Records from a dataset:
*** Begin section ***

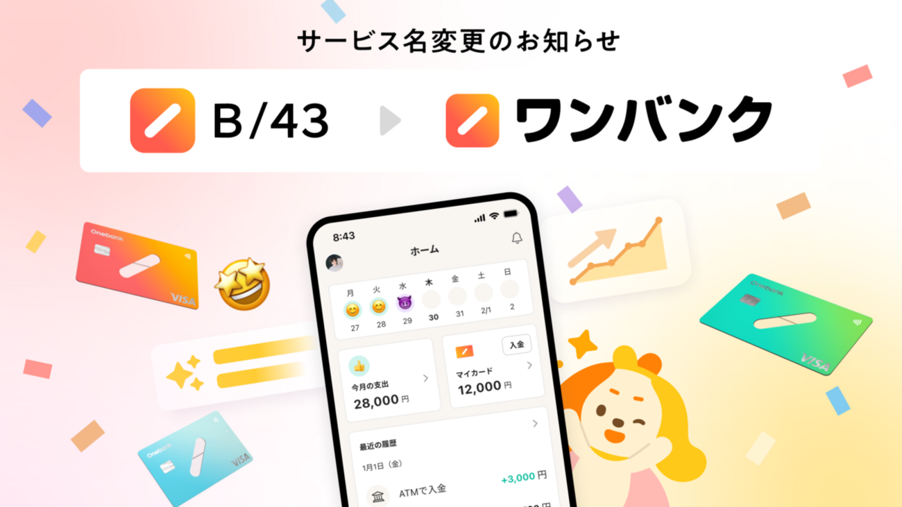 【公式情報】B/43は「ワンバンク」へ名称変更 – ワンバンク公式サイト
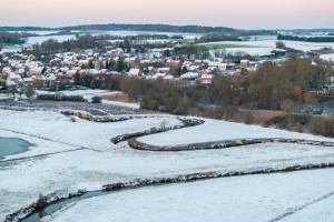 Dronebeeld van de besneeuwde dorpskern en de kerk in de winterse Dijlevallei.
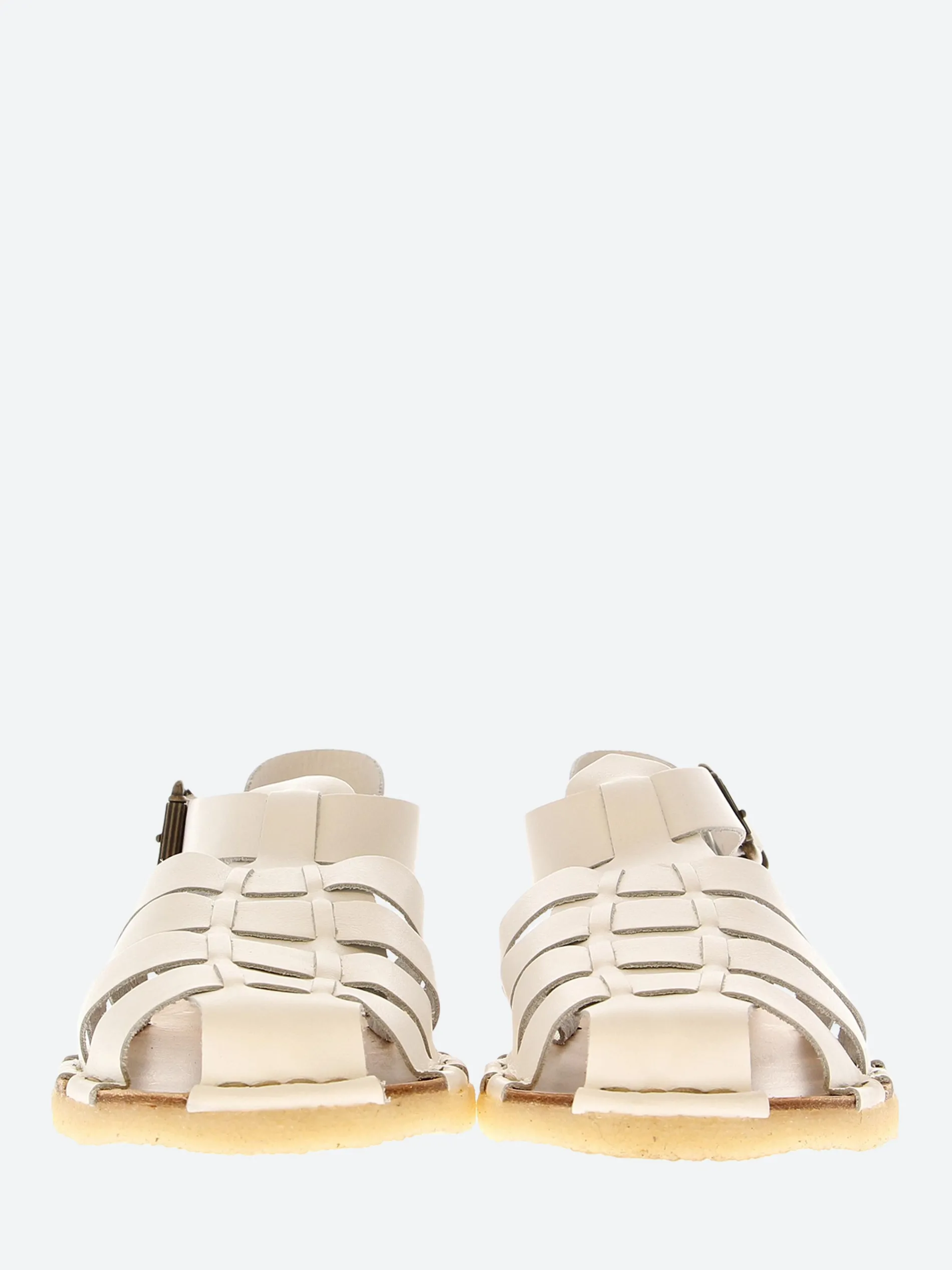 Punto Pigro easy going fisherman sandal featuring cage straps. Perfectly fitting thanks to the raw-cut leather and the handmade San Crispino seam for flexibility and long-lasting durability.
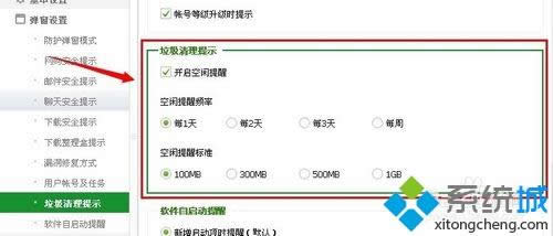 3、将“垃圾清理提示”设置里面的设置全部取消。
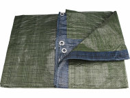 PE krycia plachta v zelenomodrej farbe, s nehrdzavejúcimi okami každých 100cm po celom obvode plachty, obojstranný zosilnený okraj. Odchýlka od udávaných rozmerov +- 5%.
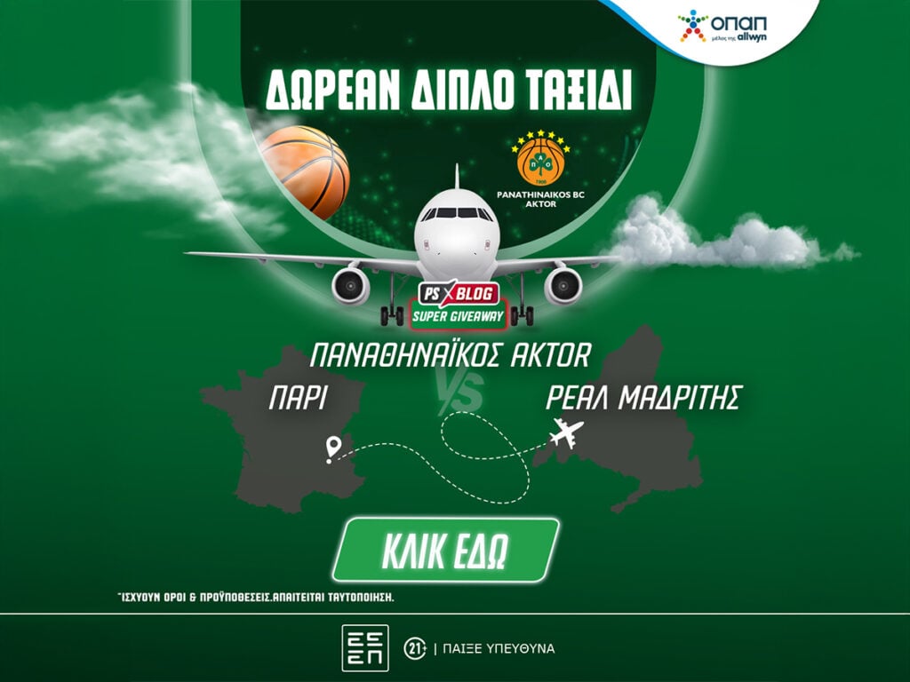 Το PS Blog προσφέρει* ένα διπλό ταξίδι που θα θυμάσαι για καιρό! Μαζί με το plus one σου, έχεις την ευκαιρία να ταξιδέψεις μαζί με τον Παναθηναϊκό AKTOR σε Παρίσι και Μαδρίτη και να ζήσεις ανεπανάληπτες στιγμές!
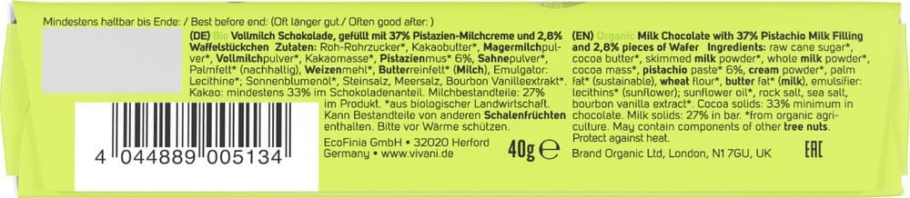| Zutaten | Roh-Rohrzucker*, Kakaobutter*, MAGERMILCHpulver*,VOLLMILCHpulver*, Kakaomasse*, PISTAZIENmus* 6%, SAHNEpulver*, Palmfett* (nachhaltig), WEIZENmehl*, BUTTERreinfett* (MILCH), Emulgator: Lecithine*; Sonnenblumenöl*, Steinsalz, Meersalz, Bourbon Vanilleextrakt*. |
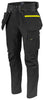 Waistpant in full stretch that provides maximum freedom of movement and comfort. Modern fit. The sides at the top are not in stretch to give stability to the pant. Holster pockets with extra compartments and internal Cordura® reinforcement, by unpicking the contrast seam on the backside holster pockets can be removed. Ventilation at the back of the waist. Spacious leg pockets on both sides. Left leg pocket for tools and pens, also one phone pocket with magnetic lock and one bracket for fastening ID-card. On the right side pocket for folding rule and pocket for tools with knife button. Wider belt loop at the back to prevent pressure from belt. Back pockets in Cordura®, one with flap and magnetic closure. Pre-bent knees. Internal pockets for knee protectors, adjustable in two height levels. Holster pockets, leg hems and knees are reinforced with Cordura® for increased durability. Possibility to attach MOLLE-system on both sides.
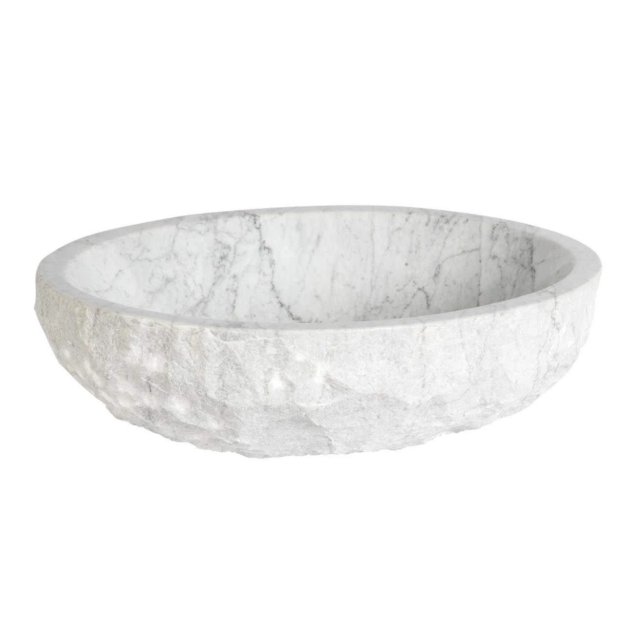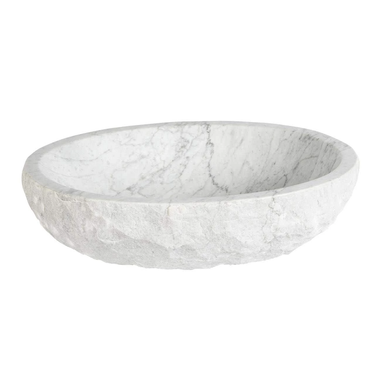 Carved from natural marble, this beautiful Italian Cararra marble vessel sink will be a wonderful addition to your master bathroom. The chiseled exterior and smooth, glossy interior offer the perfect contrast. Upgrade your bathroom today with this luxurious vessel sink in white. This stone bathroom sink is sure to be the centerpiece of your bathroom.
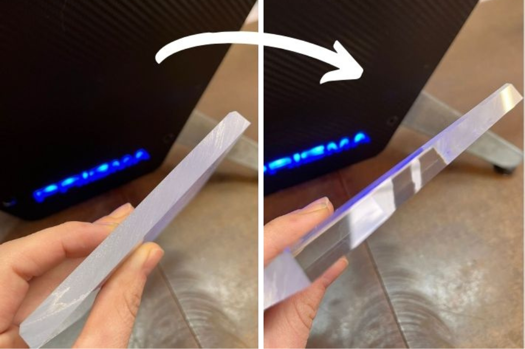 De fet, la PRISMA i la BOX conformen la parella perfecta per als fabricants de peces de metacrilat. Amb la biseladora de cants és possible aconseguir des d'una peça amb bisellat complet a angles treballats a 44° i 45°. D'altra banda, amb la BOX, és possible polir cants rectes. Totes dues màquines tenen un preu molt econòmic i permeten satisfer les necessitats de poliment de cants tant en recte com en bisellat. El millor de tot és que, en ser màquines compactes i portàtils, és possible situar-les en qualsevol lloc del taller i ser fàcilment transportables a altres punts o llocs.
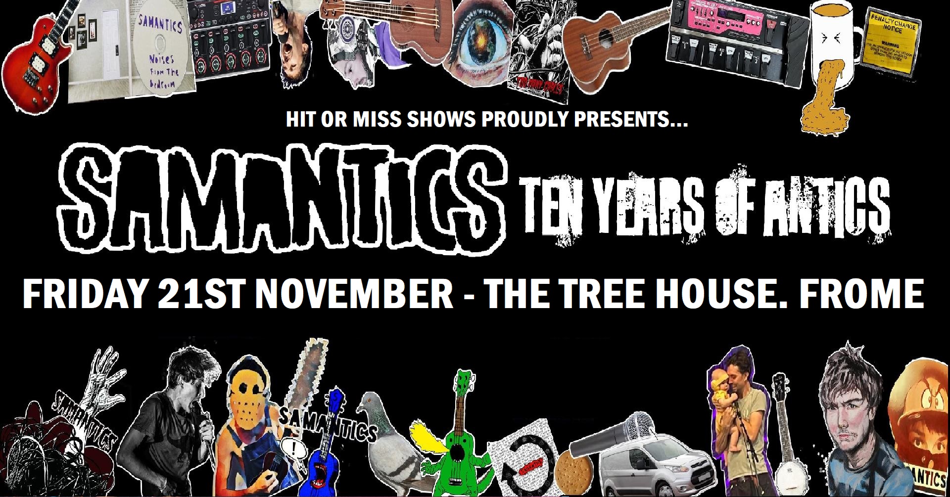 A Decade of Antics’ marks the 10 year anniversary of Samantics: a celebration of the moment when he found the thing to do with his in his life which at last made sense. To earn his slice of the infamous pie he’d tried teaching, graphic designing and being defecated on through a telephone but nothing had helped him understand the struggle of existing, until he created Samantics.
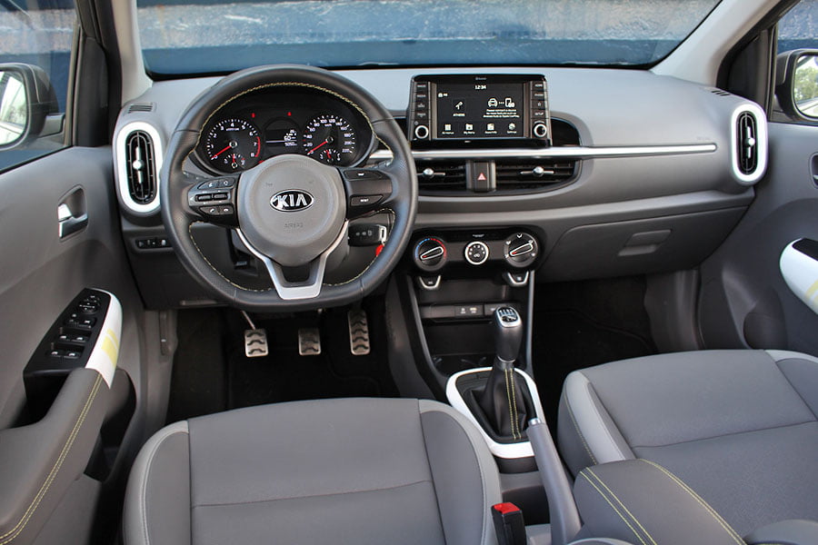 Όπως το αμάξωμα, έτσι και το εσωτερικό του νέου Kia Picanto κερδίζει αμέσως τις εντυπώσεις με το μοντέρνο του σχεδιασμό, τα ανοιχτόχρωμα υλικά και τον πλούσιο και συνάμα hi tech εξοπλισμό του. Τα υλικά που έχουν χρησιμοποιηθεί είναι πολύ καλά, για τα επίπεδα της κατηγορίας, ενώ το ίδιο ισχύει και για τη συναρμογή τους. Φυσικά η έκδοση X-Line έχει τον δικό της χαρακτήρα, ο οποίος κερδίζει πόντους από τα δίχρωμα υλικά και τις λαχανί λεπτομέρειες με τις ραφές σε ανάλογο χρώμα, να βρίσκονται σε αρμονία με το αμάξωμα.
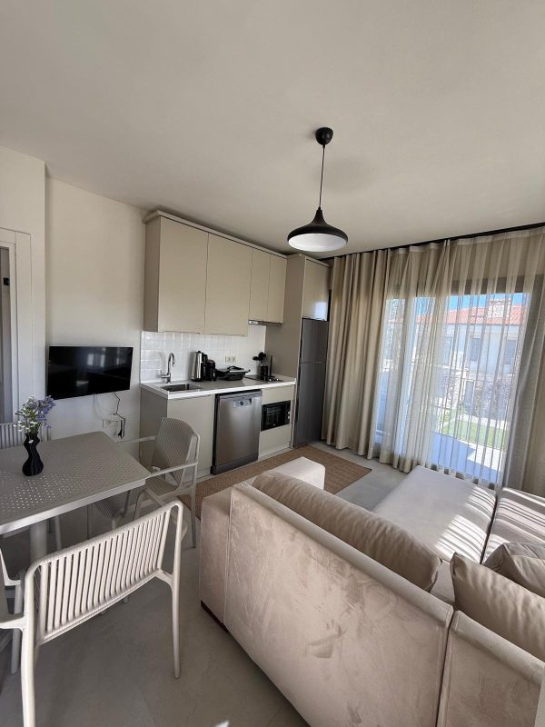 In Alaçatı’s most exclusive location, a modern 2+1 accommodation experience intertwined with nature awaits you. Feel at home with spacious living areas.
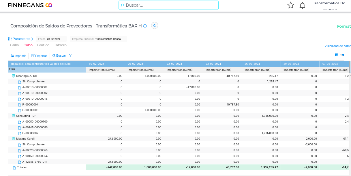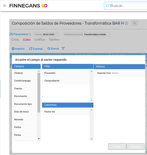 La visualización del informe, con el formato seleccionado, se podrá consultar mediante un cubo (tabla dinámica) que se podrá configurar moviendo los campos a filas o columnas.
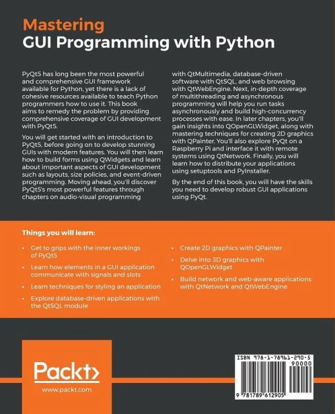 An advanced guide to creating powerful high-performance GUIs for modern, media-rich applications in various domains such as business and game development Key Features:Gain comprehensive knowledge of Python GUI development using PyQt 5.12 Explore advanced topics including multithreaded programming, 3D animation, and SQL databases Build cross-platform GUIs for Windows, macOS, Linux, and Raspberry Pi Book Description: PyQt5 has long been the most powerful and comprehensive GUI framework available for Python, yet there is a lack of cohesive resources available for Python programmers to learn how to use it. This book will be your comprehensive guide to exploring GUI development with PyQt5. You will get started with an introduction to PyQt5, before going on to develop stunning GUIs with modern features. You will learn how to build forms using QWidgets and delve into important aspects of GUI development such as layouts, size policies, and event-driven programming. Moving ahead, you'll discover PyQt5's most powerful features through chapters on audio-visual programming with QtMultimedia, database-driven software with QtSQL, and web browsing with QtWebEngine. Next, in-depth coverage of multithreading and asynchronous programming will help you run tasks asynchronously and build high-concurrency processes with ease. In later chapters, you'll gain insights into QOpenGLWidget, along with mastering techniques for creating 2D graphics with QPainter. You'll also explore PyQt on a Raspberry Pi and interface it with remote systems using QtNetwork. Finally, you will learn how to distribute your applications using setuptools and PyInstaller. By the end of this book, you will have the skills you need to develop robust GUI applications using PyQt. What You Will Learn:Get to grips with the inner workings of PyQt5 Understand how elements in a GUI application communicate with signals and slots Study techniques for styling an application Explore database-driven applications with the QtSQL module Create 2D graphics with QPainter Delve into 3D graphics with QOpenGLWidget Build network and web-aware applications with QtNetwork and QtWebEngine Who this book is for: This book is for programmers who want to create attractive, functional, and powerful GUIs using the Python language. You'll also find this book useful if you are a student, professional, or anyone who wants to start exploring GUIs. Although prior knowledge of the Python language is assumed, experience with PyQt, Qt, or GUI programming is not required.
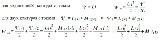 Wм –энергия [Дж], ψ – потокосцепление [Вб], М - взаимная индуктивность [Гн], L - индуктивность [Гн], i – сила тока [А],
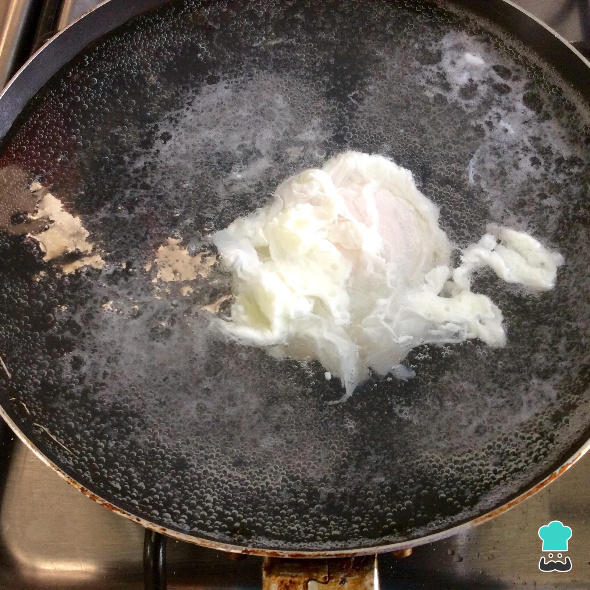 Agrega el huevo con mucho cuidado a la sartén con agua y, con una espátula, trata de colocar la clara sobre la yema formando una bola con el huevo, fíjate en la fotografía. Cocina así hasta que la clara se vea bien blanca y consistente.

*** End section ***

_TASK REQUIREMENTS_
The answer is the lines above from the one with "Carved from natural" to the one with "In Alaçatı’s most", set down exactly, with no pictures.

_PROBLEM SOLUTION_
 Carved from natural marble, this beautiful Italian Cararra marble vessel sink will be a wonderful addition to your master bathroom. The chiseled exterior and smooth, glossy interior offer the perfect contrast. Upgrade your bathroom today with this luxurious vessel sink in white. This stone bathroom sink is sure to be the centerpiece of your bathroom.
 De fet, la PRISMA i la BOX conformen la parella perfecta per als fabricants de peces de metacrilat. Amb la biseladora de cants és possible aconseguir des d'una peça amb bisellat complet a angles treballats a 44° i 45°. D'altra banda, amb la BOX, és possible polir cants rectes. Totes dues màquines tenen un preu molt econòmic i permeten satisfer les necessitats de poliment de cants tant en recte com en bisellat. El millor de tot és que, en ser màquines compactes i portàtils, és possible situar-les en qualsevol lloc del taller i ser fàcilment transportables a altres punts o llocs.
 A Decade of Antics’ marks the 10 year anniversary of Samantics: a celebration of the moment when he found the thing to do with his in his life which at last made sense. To earn his slice of the infamous pie he’d tried teaching, graphic designing and being defecated on through a telephone but nothing had helped him understand the struggle of existing, until he created Samantics.
 Όπως το αμάξωμα, έτσι και το εσωτερικό του νέου Kia Picanto κερδίζει αμέσως τις εντυπώσεις με το μοντέρνο του σχεδιασμό, τα ανοιχτόχρωμα υλικά και τον πλούσιο και συνάμα hi tech εξοπλισμό του. Τα υλικά που έχουν χρησιμοποιηθεί είναι πολύ καλά, για τα επίπεδα της κατηγορίας, ενώ το ίδιο ισχύει και για τη συναρμογή τους. Φυσικά η έκδοση X-Line έχει τον δικό της χαρακτήρα, ο οποίος κερδίζει πόντους από τα δίχρωμα υλικά και τις λαχανί λεπτομέρειες με τις ραφές σε ανάλογο χρώμα, να βρίσκονται σε αρμονία με το αμάξωμα.
 In Alaçatı’s most exclusive location, a modern 2+1 accommodation experience intertwined with nature awaits you. Feel at home with spacious living areas.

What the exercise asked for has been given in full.